## Work order
The task calls for the lines below from the line with "В ресторане есть" to the line with "KOREY KOT | |||", both ends included, copied exactly, without any pictures.

## Data to examine
◆ ◆ ◆ ◆ ◆

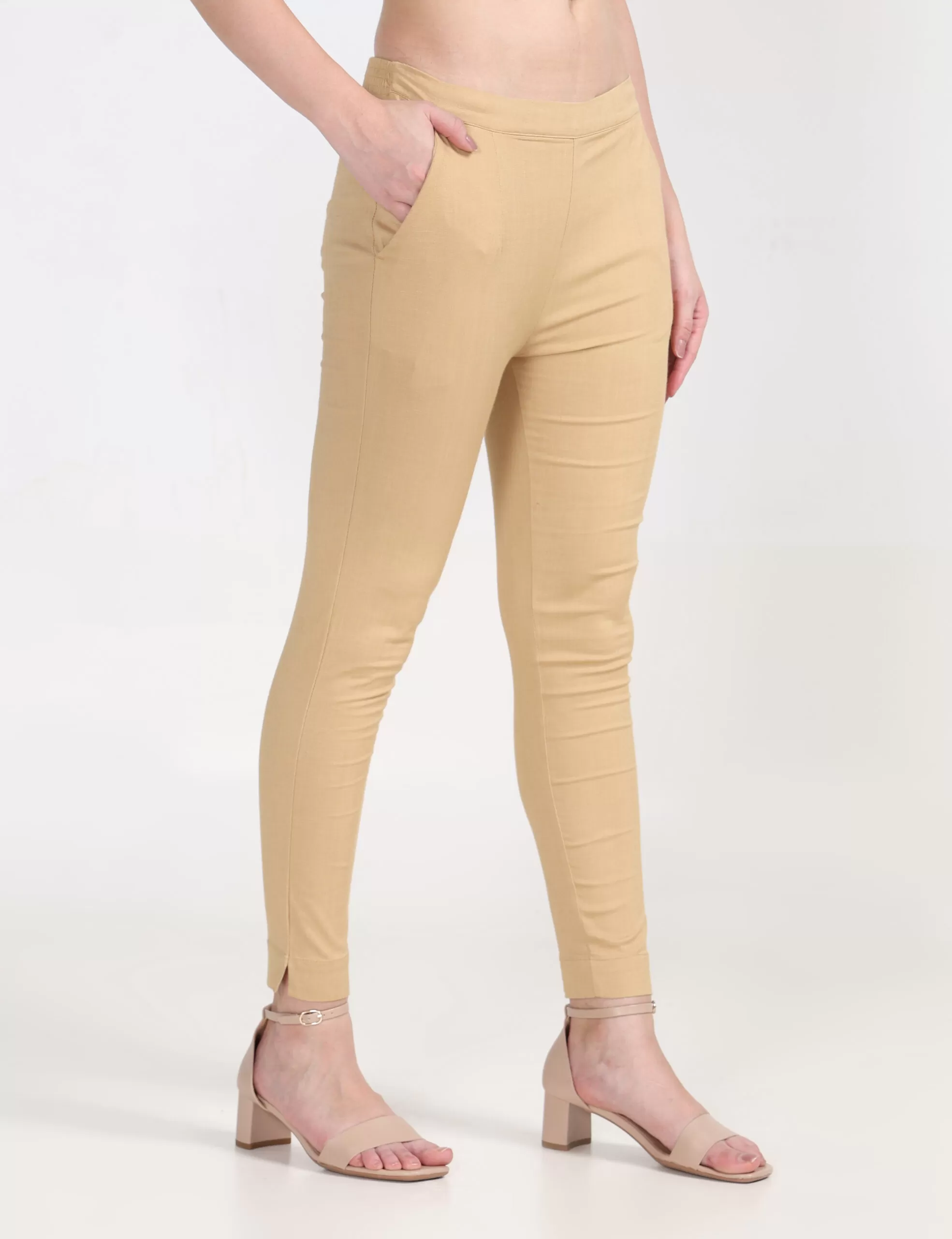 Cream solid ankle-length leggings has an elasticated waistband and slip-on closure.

◆ ◆ ◆ ◆ ◆

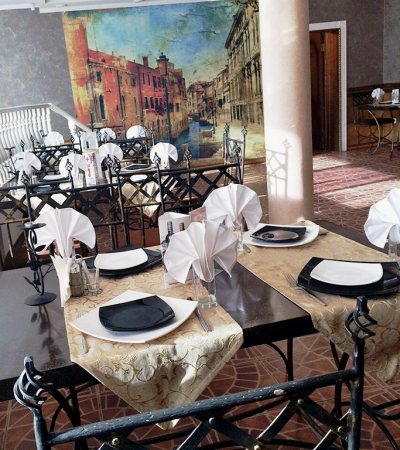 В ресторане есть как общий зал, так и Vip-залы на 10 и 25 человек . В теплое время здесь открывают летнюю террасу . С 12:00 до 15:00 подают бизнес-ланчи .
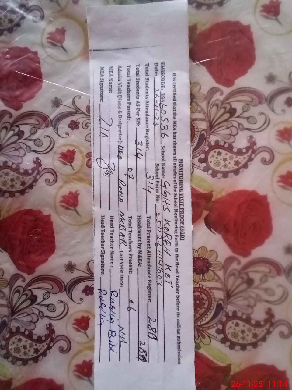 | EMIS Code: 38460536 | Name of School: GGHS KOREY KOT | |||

◆ ◆ ◆ ◆ ◆

## Worked solution
 В ресторане есть как общий зал, так и Vip-залы на 10 и 25 человек . В теплое время здесь открывают летнюю террасу . С 12:00 до 15:00 подают бизнес-ланчи .
 | EMIS Code: 38460536 | Name of School: GGHS KOREY KOT | |||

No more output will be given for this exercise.